Arches National Park
From the Salt Lake Tribune
Excepts from the article by Patty Henetz:
He didn’t pour sugar into a bulldozer’s gas tank. He didn’t spike a tree or set a billboard on fire. But wielding only a bidder’s paddle, a University of Utah student just as surely monkey-wrenched a federal oil- and gas-lease sale Friday, ensuring that thousands of acres near two southern Utah national parks won’t be opened to drilling anytime soon.
Tim DeChristopher, 27, faces possible federal charges after winning bids totaling about $1.8 million on more than 10 lease parcels that he admits he has neither the intention nor the money to buy — and he’s not sorry.
“I decided I could be much more effective by an act of civil disobedience.”

Book Cliffs, Utah
…he came to the BLM’s state office in Salt Lake City to join about 200 other activists in a peaceful protest outside the building Friday morning.

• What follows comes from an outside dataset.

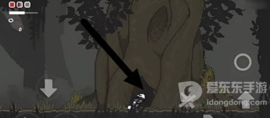 4、接著往前走,如圖,大樹下有個樹洞,點擊【圓形】按鈕,就可以進入卡茲村了

But then he registered with the BLM as representing himself and went to the auction room.
There, he thought about the times he has marched, fired off letters to his congressmen, signed petitions and supported environmental organizations — all to no avail.
“What the environmental movement has been doing for the past 20 years hasn’t worked,” DeChristopher said.

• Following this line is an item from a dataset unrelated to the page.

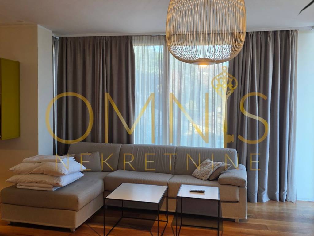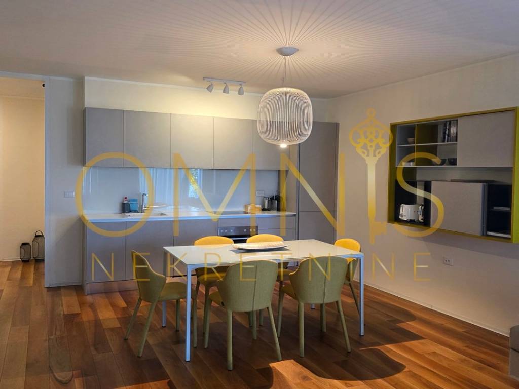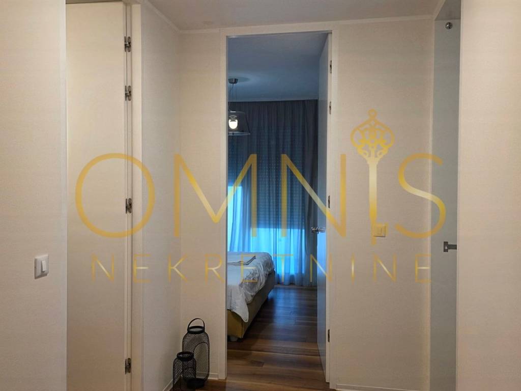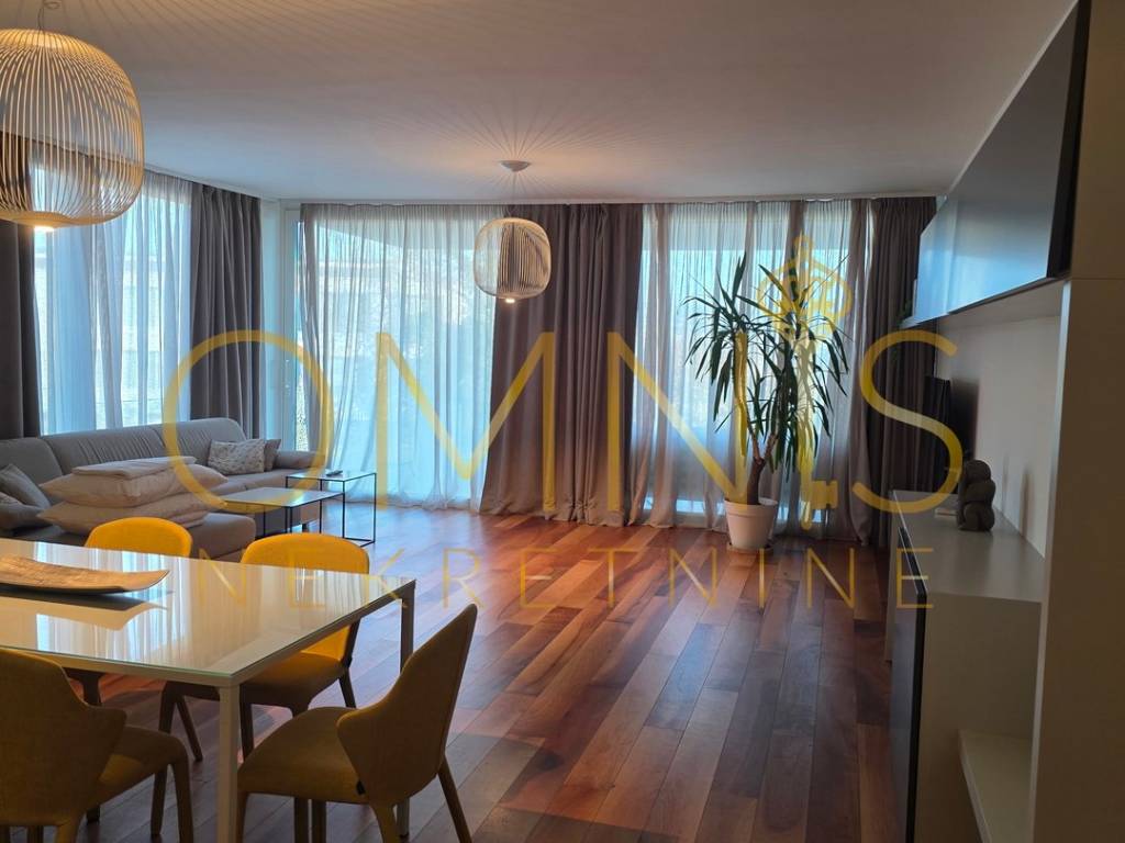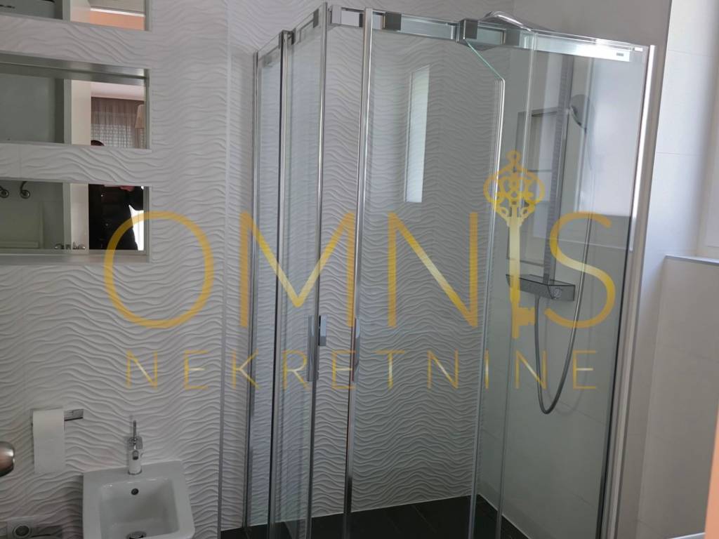 Iznajmljujemo stan u novogradnji s podzemnom garažom, liftom i bazenom. Ovaj predivan stan površine 122,60 m2 nudi savršenu kombinaciju funkcionalnosti i elegantnog dizajna. Sastoji se od komfornog i svijetlog dnevnog boravka koji ima izlaz na prostranu terasu, moderno opremljene kuhinje s blagovaonom, dvije udobne spavaće sobe, hodnika, dvije kupaone i prostrane terase koja je idealna za opuštanje i uživanje. Stanu pripadaju 1 parkirno mjesto u garaži i spremište. Nalazi se svega 120 m od mora. Zgrada ima zajednički bazen sa sunčalištem na korištenje. Za sve ostale informacije i razgled stojimo na raspolaganju.

…The auction had been under way for a couple of hours when energy company representatives became suspicious of a man wearing an old red down parka after he won bids on more than 10 parcels numbered consecutively, all around Arches and Canyonlands…the man, brandishing bidding paddle No. 70 and unknown to the regular buyers, also seemed to be bidding up on parcels, raising prices on leases that others eventually won.
DeChristopher, who acknowledged upping other bids by about $500,000, said he would be willing to go to jail to defend his generation’s prospects in light of global climate disruption and other environmental threats.
Since the Election Day announcement of the lease sale, preservationists, conservationists, archaeologists, business owners, river runners, anglers and hunters have registered objections to the BLM’s plans to allow drilling in some of Utah’s most scenic redrock desert.

Desolation Canyon, Utah
They challenged proposed leases near Arches National Park, the White River, the greater Desolation Canyon region, Labyrinth Canyon, the benches east of Canyonlands National Park, Nine Mile Canyon, the Book Cliffs and the Deep Creek Mountains.
Objections also have come from the National Park Service, members of Congress and John Podesta, the head of President-elect Barack Obama’s transition team, who said the lease sale should be halted or altered to accommodate environmental concerns.
…BLM official Terry Catlin said the agency didn’t want to reopen the bidding on the parcels DeChristopher snagged unless all interested parties were able to compete for the leases. That means the parcels won’t be available again until at least February — after Obama takes office — during the next scheduled auction.